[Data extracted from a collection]
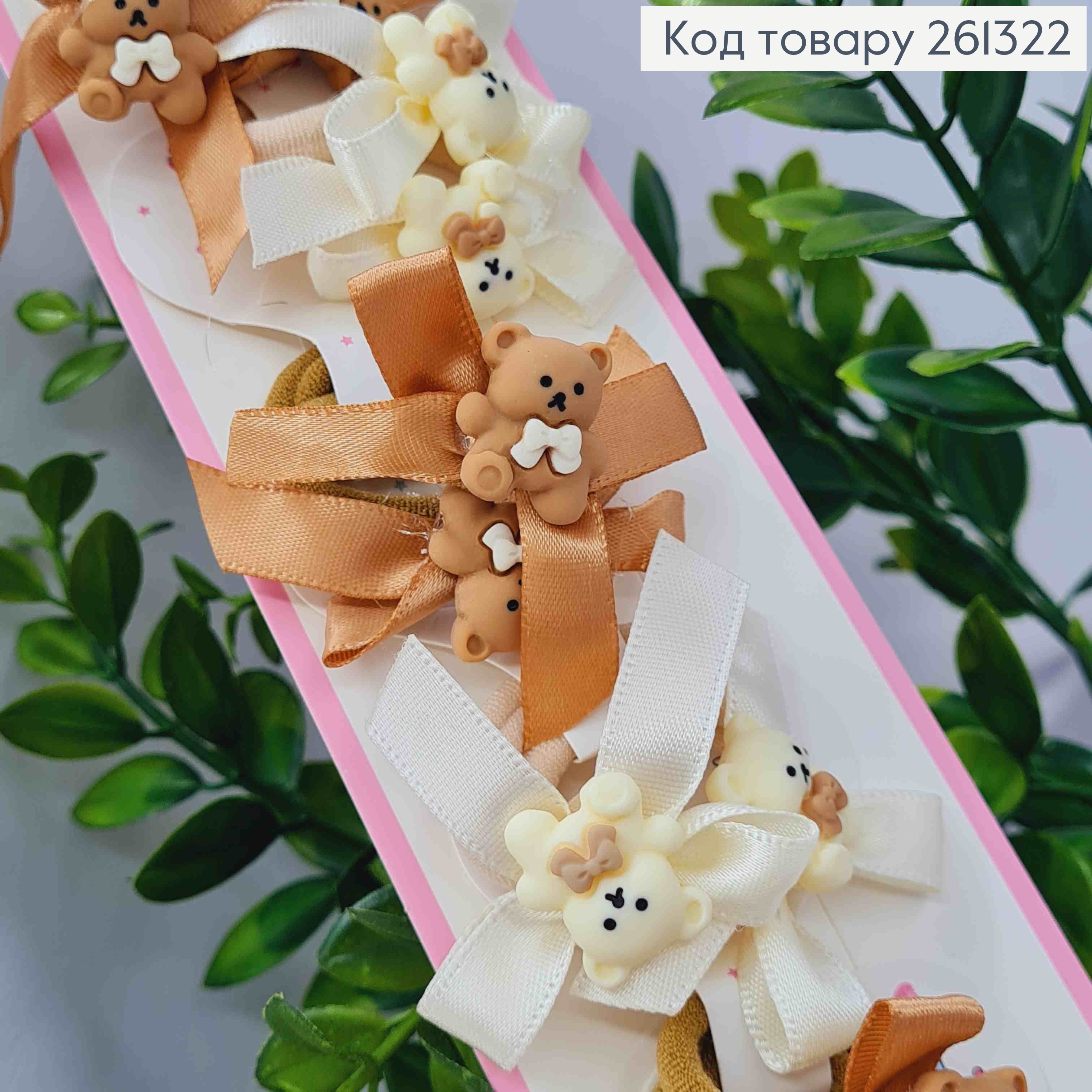 Набор резинок (20шт), БАНТИК с МИШКОМ, Бежевые цвета, резинка 3см, бантик 4,5*4,5см
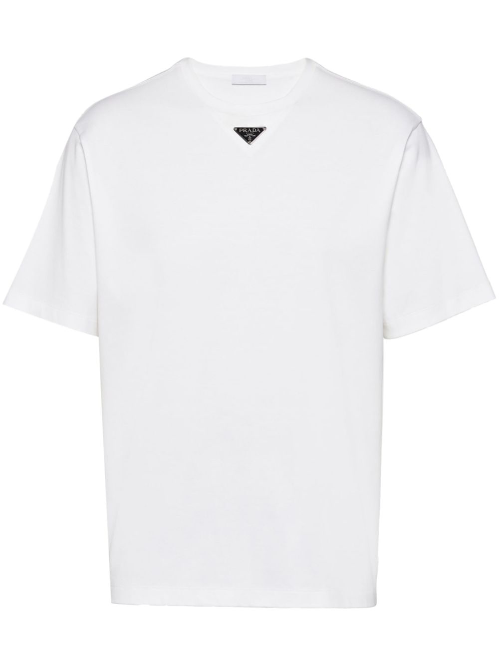 triangle-logo cotton T-shirt Prada's beloved triangle logo is featured across its collections, adding a signature touch even to the most casual pieces. This cotton T-shirt is a fine example, accented with the branded enamel plaque just below the crew neckline. Highlights - White - Cotton - Enamel triangle logo - Crew neck - Short sleeves - Straight hem Composition Cotton 100%
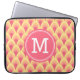 Esta bolsa de laptop monograma de na moda apresenta um padrão geométrico único em tons de rosa-pincel. Personalize-o substituindo o texto do marcador de posição. Para obter mais opções, como alterar a fonte e seu tamanho, clique no botão "Personalizar". *Observe que a Marca d'água do Zazzle que aparece na visualização de zoom NÃO aparecerá no produto impresso final. © Rosewood e Citrus
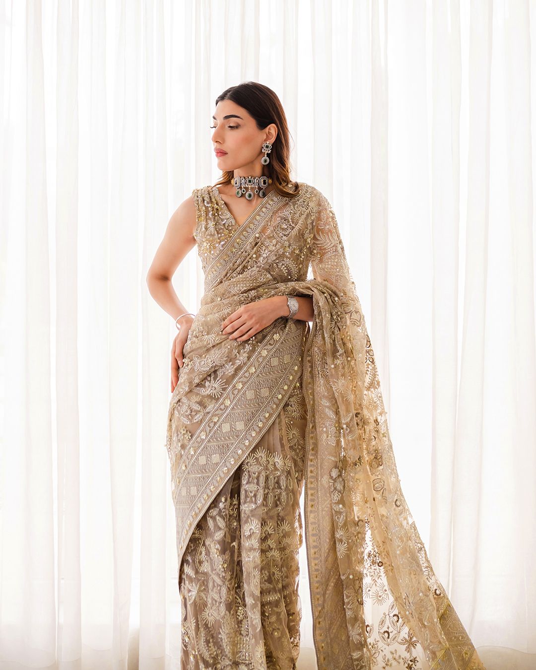 - Embroidered And Hand Embellished Net Sleeves
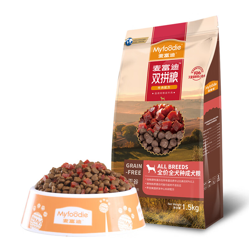 麦富迪狗粮无谷牛肉双拼成犬小中大型泰迪比熊柯基柴犬通用1.5kg 无谷牛肉双拼通用型成犬狗粮 1.5kg
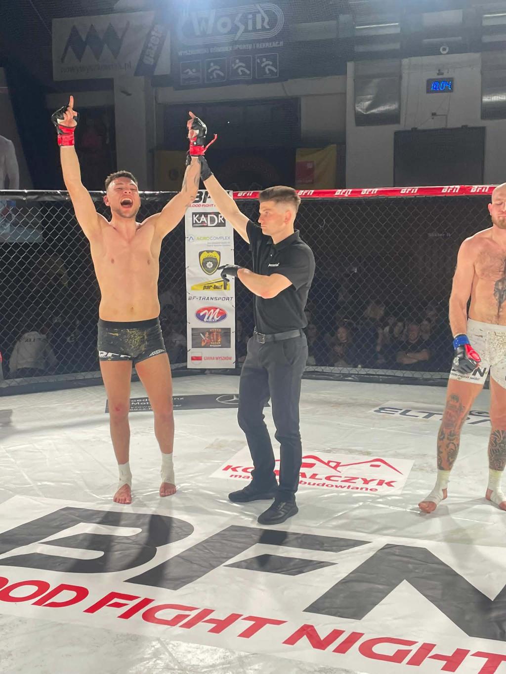Dominik Gręda z klubu Victoria Ostrołęka ma za sobą udaną walkę zawodową. Na gali BLOOD FIGHT NIGHT w Wyszkowie ostrołęczanin pokonał Dmytra Zielynskyego z warszawskiego klubu Aligatores Fight Club.
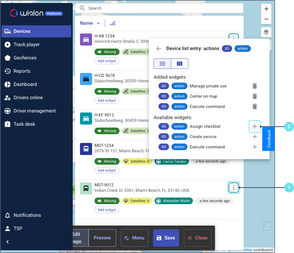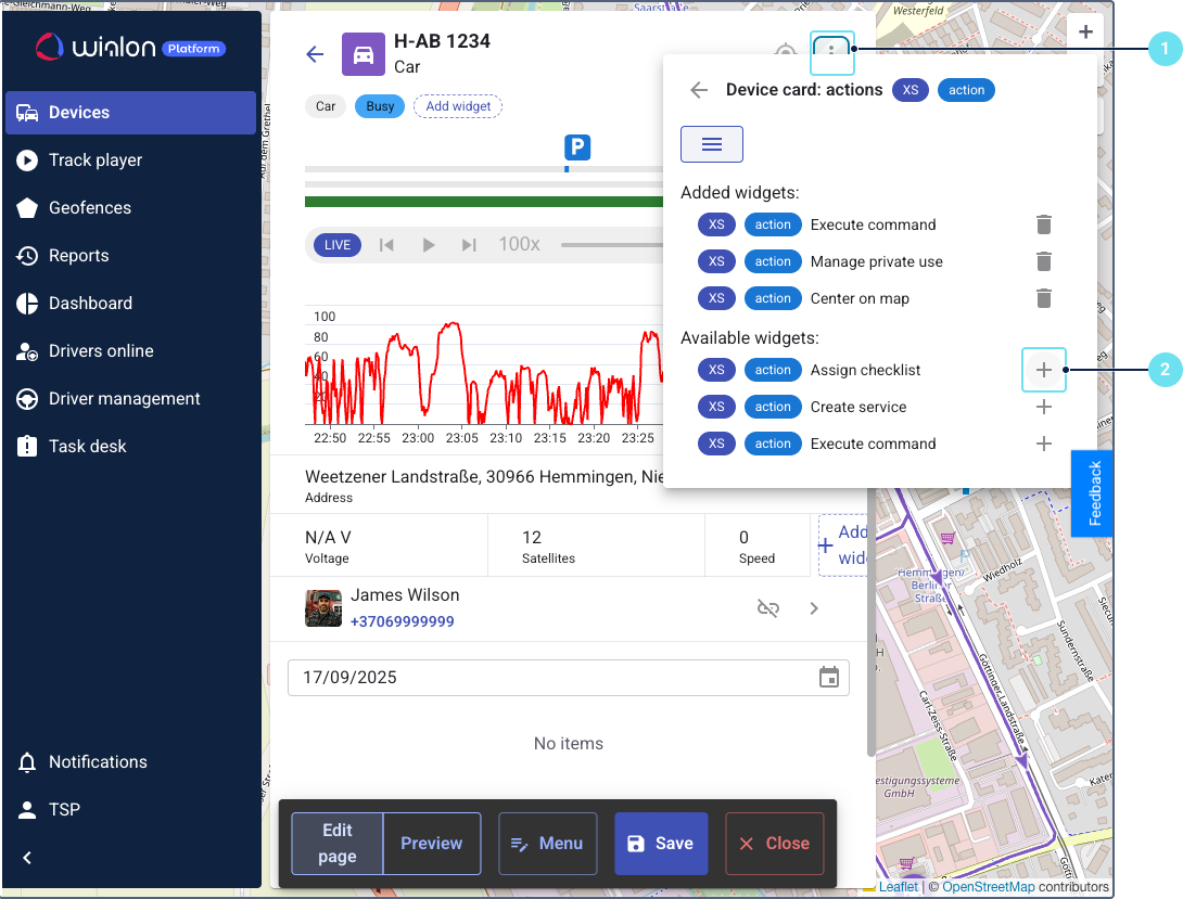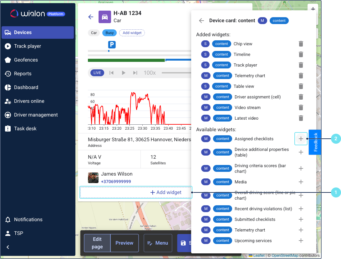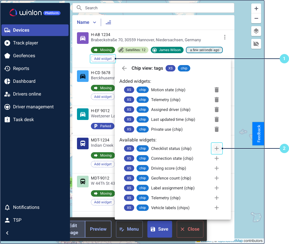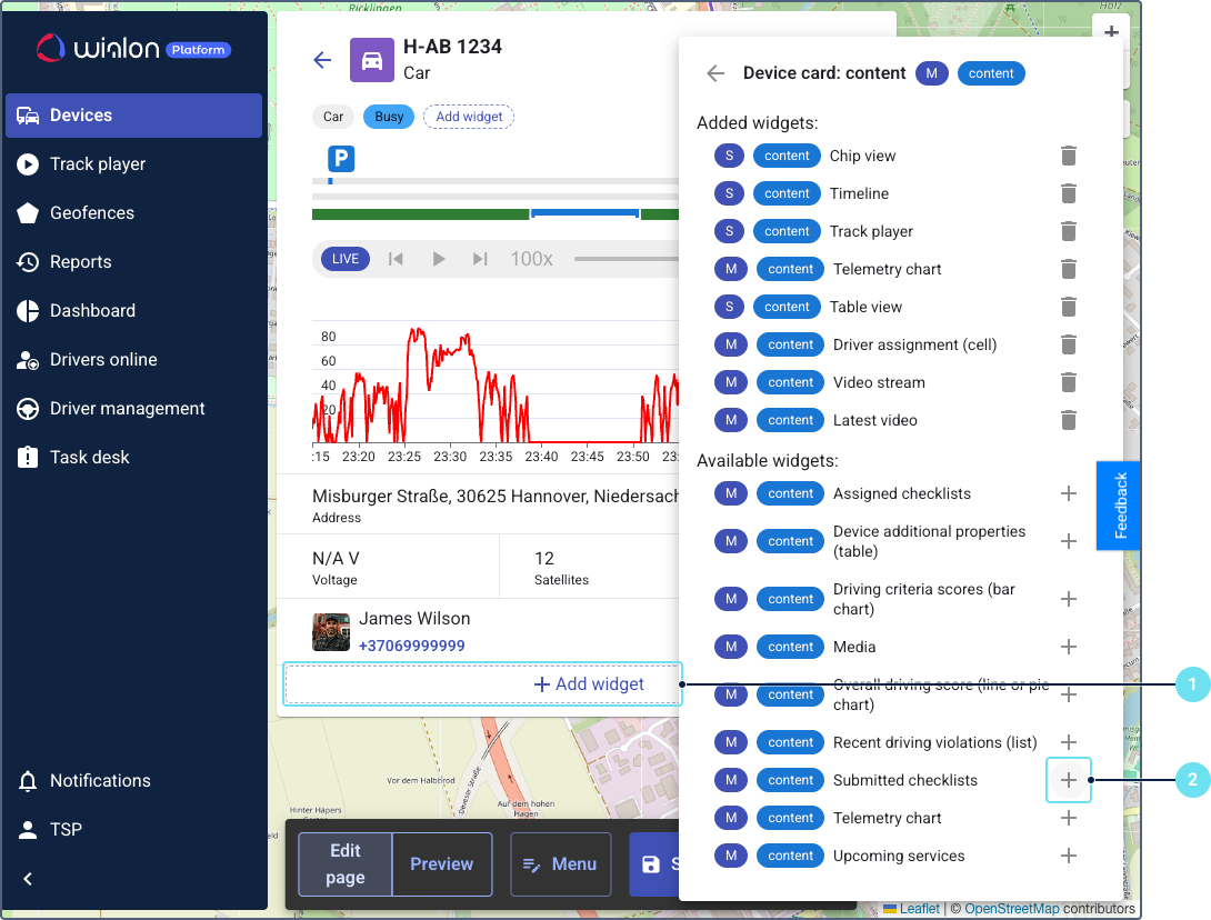 Wialon Platform FleetSpace allows you to customize the information displayed in the device list, device details, driver list, and driver details pages by adding and configuring various widgets. These widgets provide quick access to key data, analytics, and actions relevant to your fleet operations.

» Exercise details:
This task calls for the lines from the line holding "Dominik Gręda z" through the last line above, restated word for word with both ends included and the pictures dropped.

» Solution for this task:
Dominik Gręda z klubu Victoria Ostrołęka ma za sobą udaną walkę zawodową. Na gali BLOOD FIGHT NIGHT w Wyszkowie ostrołęczanin pokonał Dmytra Zielynskyego z warszawskiego klubu Aligatores Fight Club.
 Wialon Platform FleetSpace allows you to customize the information displayed in the device list, device details, driver list, and driver details pages by adding and configuring various widgets. These widgets provide quick access to key data, analytics, and actions relevant to your fleet operations.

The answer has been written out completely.